* _Extracted records_:
......
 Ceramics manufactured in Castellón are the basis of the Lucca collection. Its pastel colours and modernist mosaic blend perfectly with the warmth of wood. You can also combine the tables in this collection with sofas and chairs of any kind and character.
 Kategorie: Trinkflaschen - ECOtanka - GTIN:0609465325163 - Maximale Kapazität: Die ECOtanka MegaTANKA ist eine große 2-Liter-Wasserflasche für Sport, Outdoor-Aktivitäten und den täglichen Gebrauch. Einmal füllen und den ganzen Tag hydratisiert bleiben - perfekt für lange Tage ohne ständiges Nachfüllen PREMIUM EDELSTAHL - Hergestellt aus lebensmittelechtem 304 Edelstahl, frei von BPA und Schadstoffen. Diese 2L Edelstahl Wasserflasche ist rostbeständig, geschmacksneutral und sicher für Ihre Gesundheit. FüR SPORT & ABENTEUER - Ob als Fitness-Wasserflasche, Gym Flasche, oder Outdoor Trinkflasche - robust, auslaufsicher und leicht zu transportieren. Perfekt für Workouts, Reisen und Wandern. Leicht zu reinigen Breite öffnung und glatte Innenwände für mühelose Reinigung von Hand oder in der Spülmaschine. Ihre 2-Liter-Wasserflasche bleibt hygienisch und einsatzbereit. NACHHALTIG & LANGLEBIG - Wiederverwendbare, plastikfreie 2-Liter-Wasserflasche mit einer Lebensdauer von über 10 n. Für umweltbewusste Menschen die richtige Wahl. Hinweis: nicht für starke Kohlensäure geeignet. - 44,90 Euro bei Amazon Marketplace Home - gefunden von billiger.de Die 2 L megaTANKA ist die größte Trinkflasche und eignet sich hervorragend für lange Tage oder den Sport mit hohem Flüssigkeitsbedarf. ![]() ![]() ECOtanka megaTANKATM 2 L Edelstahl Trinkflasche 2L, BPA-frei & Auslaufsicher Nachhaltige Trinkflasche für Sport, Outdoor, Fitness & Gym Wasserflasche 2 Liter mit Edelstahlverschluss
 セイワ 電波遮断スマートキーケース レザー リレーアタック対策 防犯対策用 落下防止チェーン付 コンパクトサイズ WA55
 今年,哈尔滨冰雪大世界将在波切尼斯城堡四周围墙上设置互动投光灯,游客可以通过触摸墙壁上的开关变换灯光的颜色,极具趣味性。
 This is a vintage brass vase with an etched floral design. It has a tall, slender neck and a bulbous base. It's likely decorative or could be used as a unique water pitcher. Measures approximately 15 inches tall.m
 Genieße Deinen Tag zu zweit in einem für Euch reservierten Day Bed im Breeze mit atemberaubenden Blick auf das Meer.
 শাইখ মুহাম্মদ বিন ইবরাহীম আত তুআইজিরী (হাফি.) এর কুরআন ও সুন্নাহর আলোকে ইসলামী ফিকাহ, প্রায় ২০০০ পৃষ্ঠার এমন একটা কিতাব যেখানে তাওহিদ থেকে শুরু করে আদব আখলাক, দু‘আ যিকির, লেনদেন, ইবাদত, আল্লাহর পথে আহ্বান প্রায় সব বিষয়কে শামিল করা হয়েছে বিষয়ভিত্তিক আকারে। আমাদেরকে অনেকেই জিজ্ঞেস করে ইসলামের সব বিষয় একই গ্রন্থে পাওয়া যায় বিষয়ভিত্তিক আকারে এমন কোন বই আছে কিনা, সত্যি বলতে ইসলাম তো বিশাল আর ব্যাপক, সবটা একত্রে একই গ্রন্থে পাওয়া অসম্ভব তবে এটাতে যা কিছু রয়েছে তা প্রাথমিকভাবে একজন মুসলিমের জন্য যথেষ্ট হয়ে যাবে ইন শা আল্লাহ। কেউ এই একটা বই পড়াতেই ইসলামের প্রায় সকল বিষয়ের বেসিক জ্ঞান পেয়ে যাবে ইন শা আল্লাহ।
......
Reproduce the entries above in full and exactly.

* _Task solution_:
 Ceramics manufactured in Castellón are the basis of the Lucca collection. Its pastel colours and modernist mosaic blend perfectly with the warmth of wood. You can also combine the tables in this collection with sofas and chairs of any kind and character.
 Kategorie: Trinkflaschen - ECOtanka - GTIN:0609465325163 - Maximale Kapazität: Die ECOtanka MegaTANKA ist eine große 2-Liter-Wasserflasche für Sport, Outdoor-Aktivitäten und den täglichen Gebrauch. Einmal füllen und den ganzen Tag hydratisiert bleiben - perfekt für lange Tage ohne ständiges Nachfüllen PREMIUM EDELSTAHL - Hergestellt aus lebensmittelechtem 304 Edelstahl, frei von BPA und Schadstoffen. Diese 2L Edelstahl Wasserflasche ist rostbeständig, geschmacksneutral und sicher für Ihre Gesundheit. FüR SPORT & ABENTEUER - Ob als Fitness-Wasserflasche, Gym Flasche, oder Outdoor Trinkflasche - robust, auslaufsicher und leicht zu transportieren. Perfekt für Workouts, Reisen und Wandern. Leicht zu reinigen Breite öffnung und glatte Innenwände für mühelose Reinigung von Hand oder in der Spülmaschine. Ihre 2-Liter-Wasserflasche bleibt hygienisch und einsatzbereit. NACHHALTIG & LANGLEBIG - Wiederverwendbare, plastikfreie 2-Liter-Wasserflasche mit einer Lebensdauer von über 10 n. Für umweltbewusste Menschen die richtige Wahl. Hinweis: nicht für starke Kohlensäure geeignet. - 44,90 Euro bei Amazon Marketplace Home - gefunden von billiger.de Die 2 L megaTANKA ist die größte Trinkflasche und eignet sich hervorragend für lange Tage oder den Sport mit hohem Flüssigkeitsbedarf. ![]() ![]() ECOtanka megaTANKATM 2 L Edelstahl Trinkflasche 2L, BPA-frei & Auslaufsicher Nachhaltige Trinkflasche für Sport, Outdoor, Fitness & Gym Wasserflasche 2 Liter mit Edelstahlverschluss
 セイワ 電波遮断スマートキーケース レザー リレーアタック対策 防犯対策用 落下防止チェーン付 コンパクトサイズ WA55
 今年,哈尔滨冰雪大世界将在波切尼斯城堡四周围墙上设置互动投光灯,游客可以通过触摸墙壁上的开关变换灯光的颜色,极具趣味性。
 This is a vintage brass vase with an etched floral design. It has a tall, slender neck and a bulbous base. It's likely decorative or could be used as a unique water pitcher. Measures approximately 15 inches tall.m
 Genieße Deinen Tag zu zweit in einem für Euch reservierten Day Bed im Breeze mit atemberaubenden Blick auf das Meer.
 শাইখ মুহাম্মদ বিন ইবরাহীম আত তুআইজিরী (হাফি.) এর কুরআন ও সুন্নাহর আলোকে ইসলামী ফিকাহ, প্রায় ২০০০ পৃষ্ঠার এমন একটা কিতাব যেখানে তাওহিদ থেকে শুরু করে আদব আখলাক, দু‘আ যিকির, লেনদেন, ইবাদত, আল্লাহর পথে আহ্বান প্রায় সব বিষয়কে শামিল করা হয়েছে বিষয়ভিত্তিক আকারে। আমাদেরকে অনেকেই জিজ্ঞেস করে ইসলামের সব বিষয় একই গ্রন্থে পাওয়া যায় বিষয়ভিত্তিক আকারে এমন কোন বই আছে কিনা, সত্যি বলতে ইসলাম তো বিশাল আর ব্যাপক, সবটা একত্রে একই গ্রন্থে পাওয়া অসম্ভব তবে এটাতে যা কিছু রয়েছে তা প্রাথমিকভাবে একজন মুসলিমের জন্য যথেষ্ট হয়ে যাবে ইন শা আল্লাহ। কেউ এই একটা বই পড়াতেই ইসলামের প্রায় সকল বিষয়ের বেসিক জ্ঞান পেয়ে যাবে ইন শা আল্লাহ।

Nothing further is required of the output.